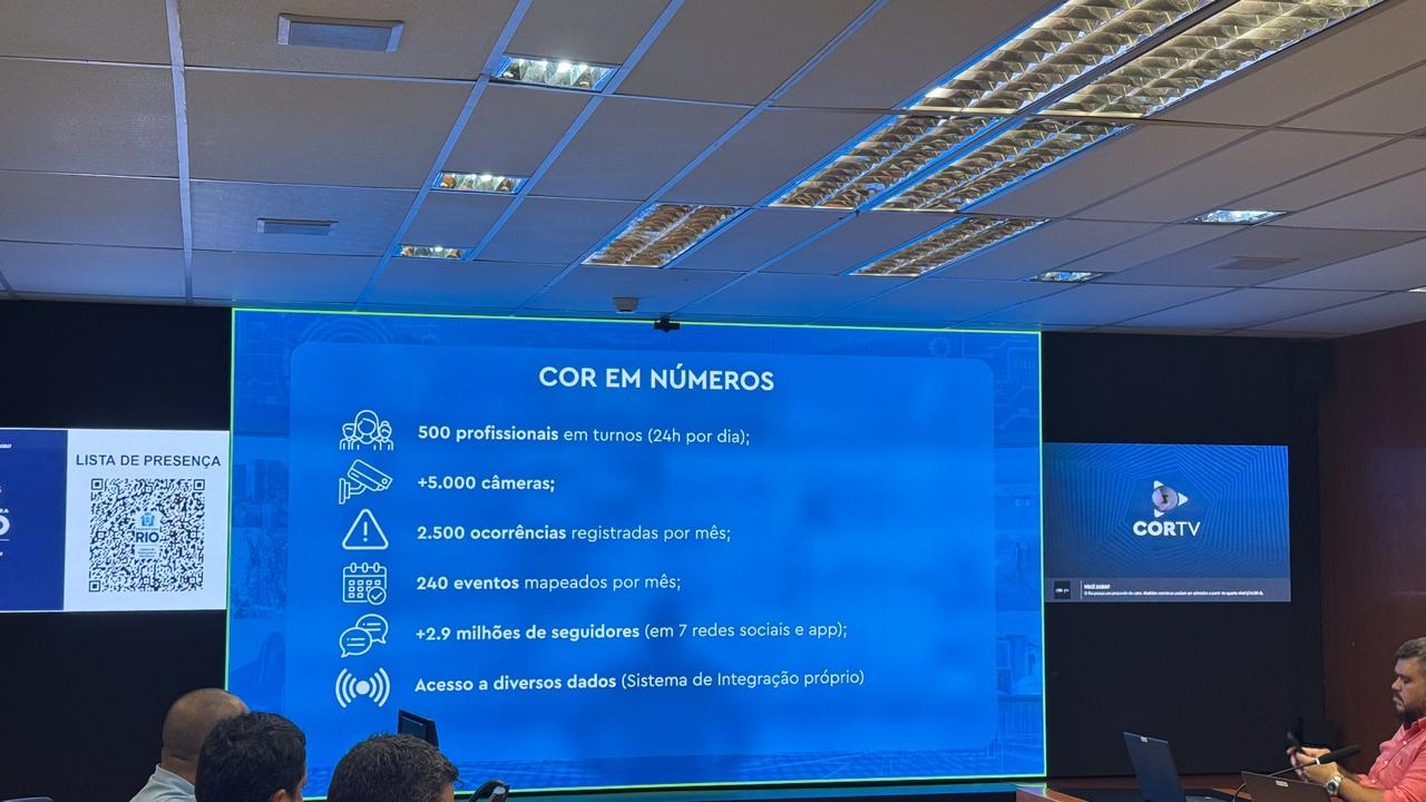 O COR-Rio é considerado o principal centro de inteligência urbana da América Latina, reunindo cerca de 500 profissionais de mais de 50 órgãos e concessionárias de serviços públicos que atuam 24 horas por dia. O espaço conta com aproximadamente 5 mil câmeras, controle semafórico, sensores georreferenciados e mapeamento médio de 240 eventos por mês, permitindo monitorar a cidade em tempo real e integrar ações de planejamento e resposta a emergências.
==================================================
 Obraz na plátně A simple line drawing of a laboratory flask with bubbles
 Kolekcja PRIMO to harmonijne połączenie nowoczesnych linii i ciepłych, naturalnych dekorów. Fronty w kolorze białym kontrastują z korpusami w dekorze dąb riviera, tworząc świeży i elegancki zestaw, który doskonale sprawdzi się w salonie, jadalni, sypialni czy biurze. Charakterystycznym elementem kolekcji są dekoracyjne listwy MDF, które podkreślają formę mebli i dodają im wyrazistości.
==================================================
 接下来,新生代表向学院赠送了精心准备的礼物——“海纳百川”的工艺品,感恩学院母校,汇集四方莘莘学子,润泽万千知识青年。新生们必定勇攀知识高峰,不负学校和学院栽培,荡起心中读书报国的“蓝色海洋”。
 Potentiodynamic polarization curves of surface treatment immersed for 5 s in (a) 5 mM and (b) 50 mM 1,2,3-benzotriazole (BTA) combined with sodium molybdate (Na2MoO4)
==================================================
Lines in the records above that carry the word "with" are to be located and copied.

■ **Answer to the problem**
 Obraz na plátně A simple line drawing of a laboratory flask with bubbles
 Potentiodynamic polarization curves of surface treatment immersed for 5 s in (a) 5 mM and (b) 50 mM 1,2,3-benzotriazole (BTA) combined with sodium molybdate (Na2MoO4)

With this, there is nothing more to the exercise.